* [What the exercise asks]: Write only the number of lines in the data that include the word "entre".

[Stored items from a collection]

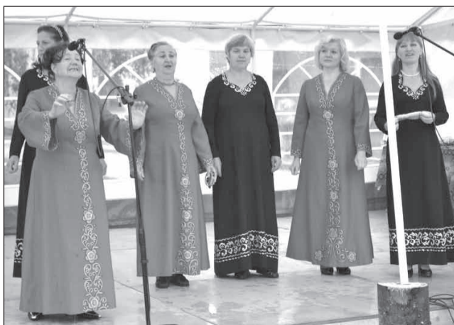
Sedas pilsētas ansamblis “Sudaruška”
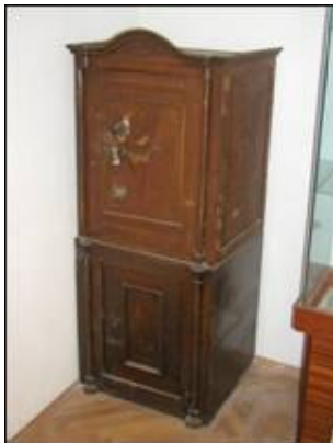
Prikaz sefa iz Podvorja, Kaštel Sućurac

U Podvorju u Kaštel Sućurcu nalazi se jednovratni sef na sačuvanom originalnom postolju s vratašcima proizvođača Theodora Wiese . Ovaj sef se polikromijom ponešto razlikuje od ostalih.
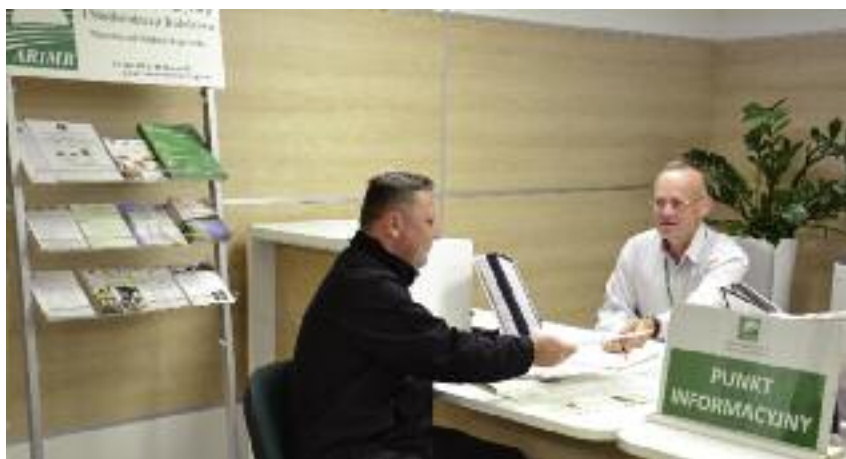
Od 1 września się w każdym Biurze Powiatowym i Oddziale Regionalnym ARiMR znajdują się Punkty Informacyjne. Są one jednolicie oznakowane i łatwo dostępne dla beneficjentów

– By móc skorzystać z pewnych programów wsparcia, rolnik musi mieć nawet kilka miesięcy na przygotowanie kompletnej dokumentacji. W punkcie dowie się, kiedy planowany jest nabór wniosków na interesujące go działanie, wymaganiach, jakie wnioskodawcy stawiają
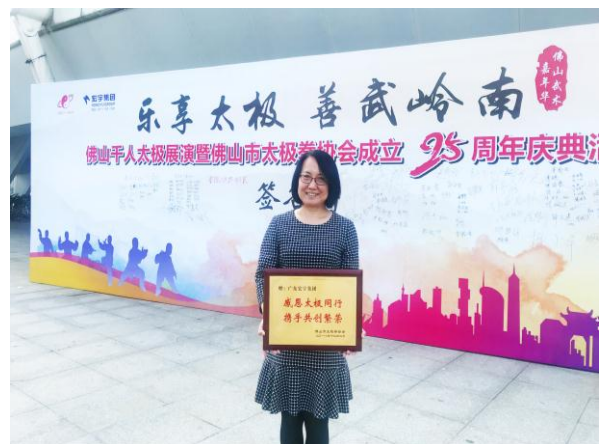
赞助佛山千人太极展演暨佛山市太极拳协会成立25周年庆典活动
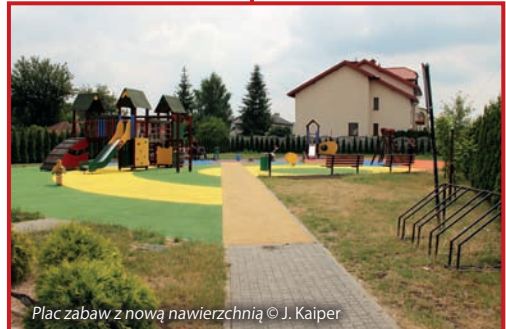
Plac zabaw z nową nawierzchnią
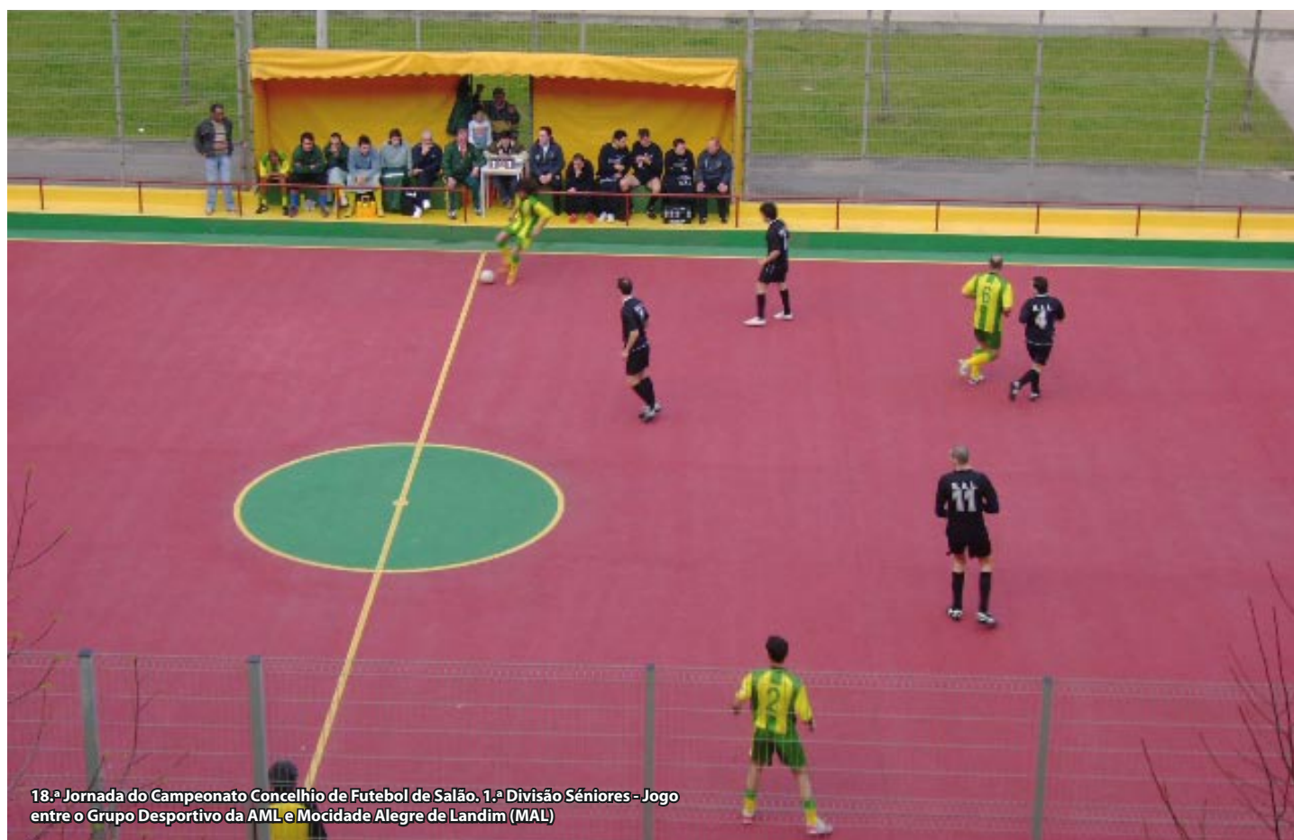
18.ª Jornada do Campeonato Concelhio de Futebol de Salão. 1.ª Divisão Sêniores - Jogo entre o Grupo Desportivo da AML e Mocidade Alegre de Landim (MAL)

Têm prosseguido a bom ritmo, os Campeonatos Concelhios de Futebol de Salão nos escalões de Sêniores da 1.ª Divisão, Juvenis e Iniciados. Neste último trimestre verificaram-se alguns pequenos incidentes com adeptos da Carreira e de Castelões que prejudicaram, consideravelmente, as equipas de sêniores e infantis desta Associação. Por sua vez, alguns árbitros, que deveriam dar o exemplo de isenção e honestidade, deixam transparecer nos relatórios que elaboram, contradições anormais pondo em causa a verdade dos acontecimentos. Quem tem medo da verdade não deve enveredar pela carreira de árbitro! Sempre defendemos que o desporto é um dos melhores meios para o aproveitamento e ocupação dos tempos livres dos jovens, funcionando como terapia para combater a violência, a toxicod dependência, o racismo e a delinquência juvenil. Pelo desporto é possível criar plataformas de convergência que interajam e provoquem convivências sadias entre pessoas de diferentes lugares, raças e etnias. Perder ou ganhar é desporto, desde que não haja terceiros a tentarem criar resultados fictícios. Nestes campeonatos de aldeia, existem possibilidades reais de dar lições de sabedo-
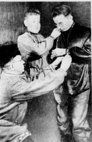
Soldaten bei der Verwandlung in „Balalaika-Russen“
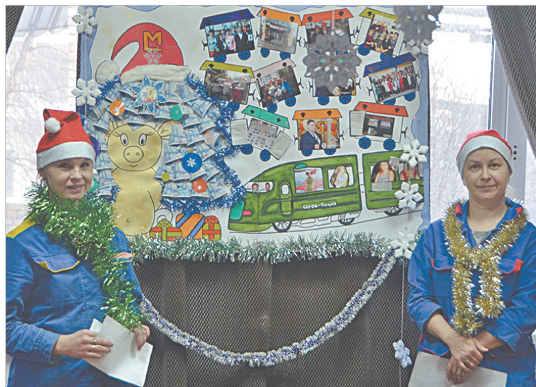
Экспресс калибровочного цеха мчится уже 85 лет!
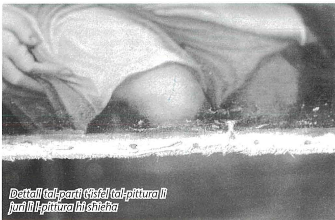
Dettall tal-parti t'isfel tal-pittura li juri li l-pittura hi shieha

biss. Fl-ambjent ekkleżżjastiku normalment kien jintalab is-servizz ta' Zahra, iżda l-membri ta' l-Ordni kienu jippreferu lil Favray, kif ġieli għamel ukoll Alpheran de Bussan, Franciż huwa wkoll, bħal fil-każ tal-kwadri ewlenin għall-kappella tas-Seminarju fl-Imdina 2 . L-attribuzzjoni għal Favray hija ovvja.
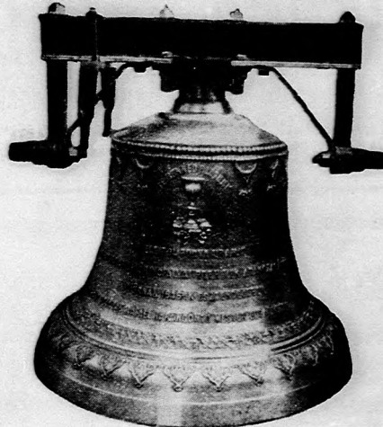
Garbolci református egyház harangja.

Készít: új harangokat, harang vaskoronákat és vasállványokat, repedt harangokat újra átönti legjutányosabb árak s kedvező fizetési feltételek mellett.
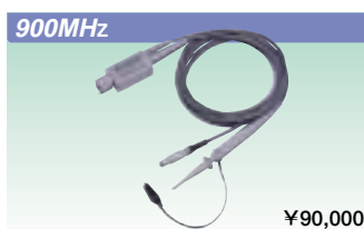
900MHz FETプローブ 700939
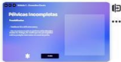
18 | Classificação - forma pod...
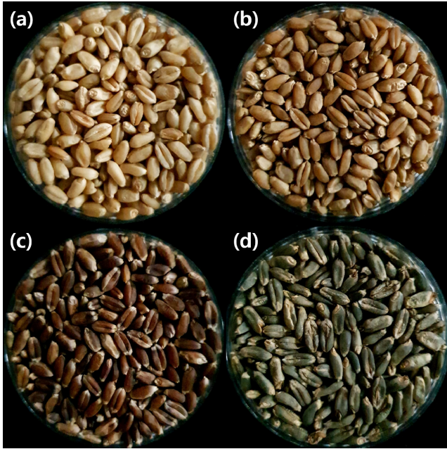
Fig. 1. Exterior appearance of wheat cultivars with different seed coat colors. (a) Keumgang; (b) Tapdong; (c) Arijinheuk; (d) IT016425.
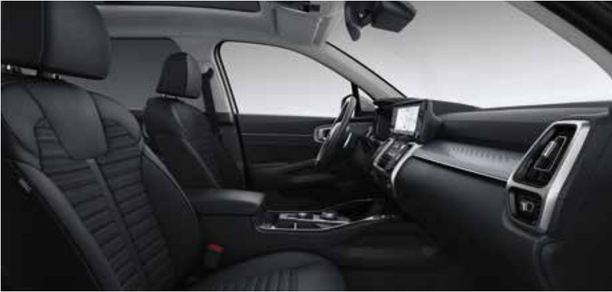
Innenkonzept Schwarz Titan & Silber (HEV, PHEV) Textilsitze
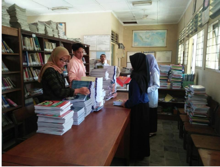
Inventarisasi Perpus dan pembagian buku paket
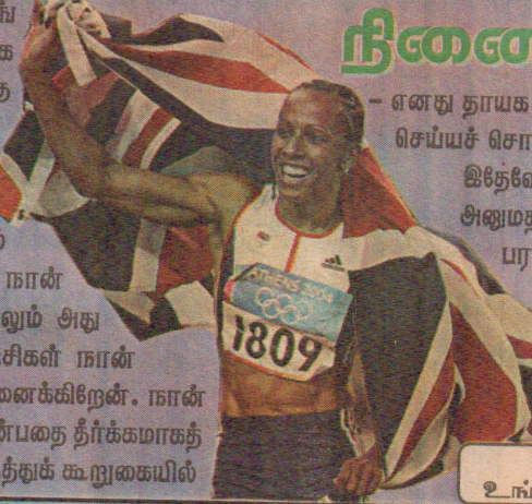
கெலி ஹோம்ஸ் உங்கள் மீது எங்கள் பார்வை

ஒலிம்பிக் இரட்டைத் தங்க வீராங்கனை கெலி ஹோம்ஸ் பேர்மிங் ஹம் உள்ளகத் தடகனப்போட்டிகளில் 1000 மீற்றர் ஒட்டத்தில் மிக இலகுவாக வெற்றியைக் கண்டிருக்கிறார். முப்பத்தினார்கு வயதாகும் கெலி ஹோம்ஸ் இரண்டு நிமிடம் 35.39 செக்கன்களில் தனது வெற்றி இலக்கை அடைந்துள்ளார். ஆனால் இதைவிட முக்கியத்துவம் வாய்ந்த தடகனப் போட்டிகள் அடுத்த மாதம் நான்காம் திகதி முதல் ஆறாம் திகதி வரை ஸ்பானியாவில் நடைபெறவுள்ளன. அது ஐரோப்பிய சம்பியன்ஷிப் போட்டிகள். நான் இந்தப்போட்டிகளில் கலங்குகொள்ள விண்ணப்பிப்பேன் என்றாலும் அது இறுதிநேர முடிவாகத்தான் இருக்கும். ஏனெனில் எனது பயிற்சிகள் நான் நினைத்த அளவுக்குத் திருப்திகரமாக அமைய வில்லை என்றே நினைக்கிறேன். நான் ஆறுதலாக யோசிக்கு வேண்டும். நான் என்ன செய்யப்போகிறேன் என்பதைத் தீர்க்கமாகத் தீர்மானிக்க வேண்டும் என்பவர், பேர்மிங்ஹம் வெற்றிப்பற்றிக் கருத்துக் கூறுகையில்
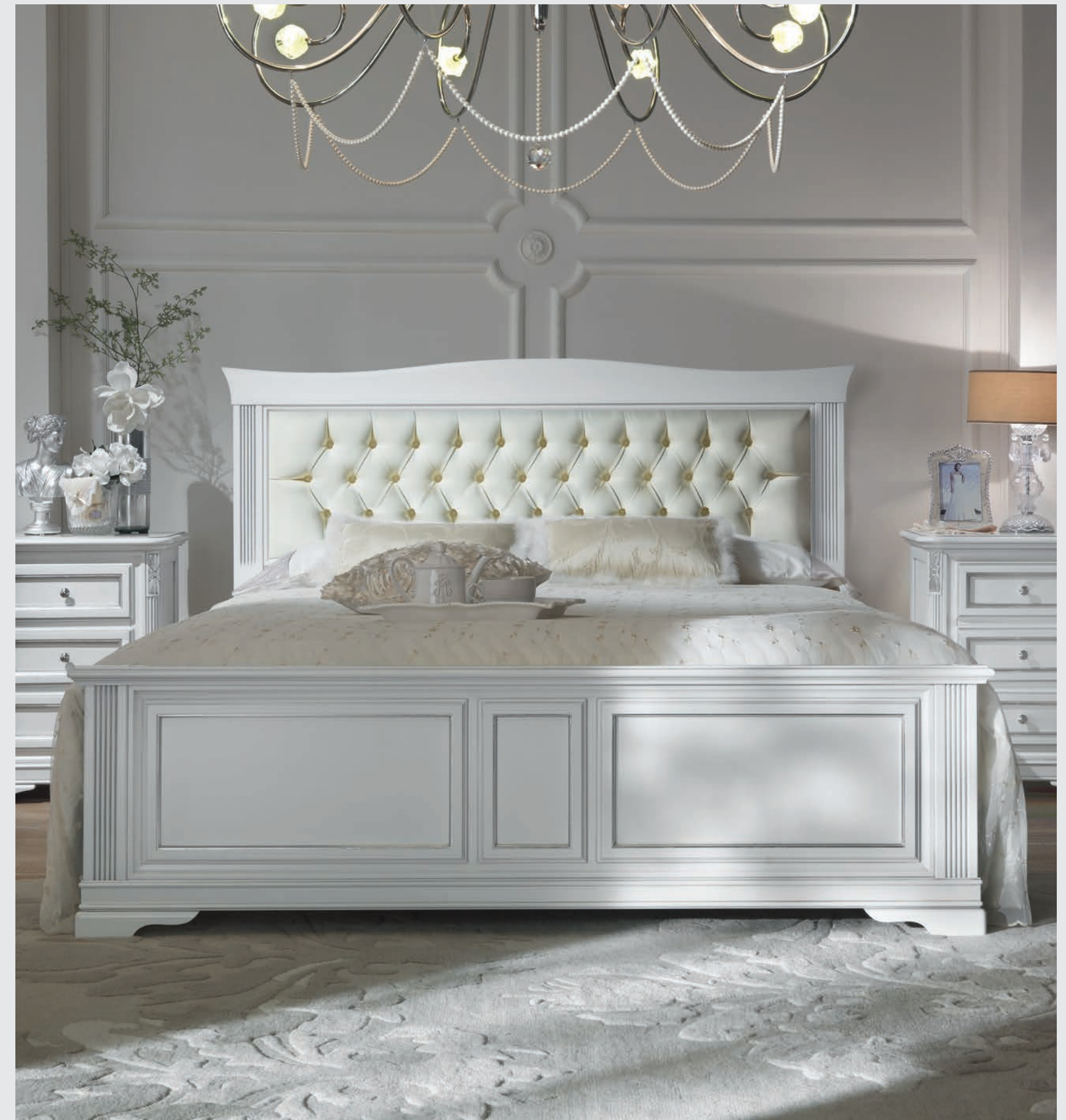
Art. 624TE Letto con testata ecopelle / Bed with upholstered headboard L. 176 P. 210 H. 125
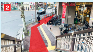
東急池上線ルートに合流。歩道橋を下り、そのまま道なりに進みます。
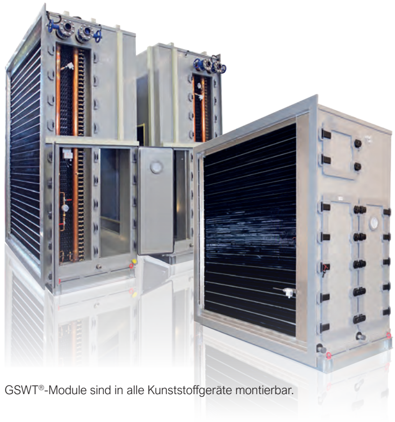
GSWT®-Module sind in alle Kunststoffgeräte montierbar.

Das Ergebnis: maximale Betriebssicherheit, reduzierte Wartung und deutliche Einsparungen bei den Betriebskosten – besonders dort, wo höchste Luftqualität und absolute Verlässlichkeit entscheidend sind.
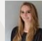
Daria Graduate Architect Polska

“ The first year of the programme exceeded my expectations! I learned a lot about different sectors within my industry. I met great people with whom I can grow and learn. Also the meetings with mentors allow me to manage my career development.”

* [Answer]: 2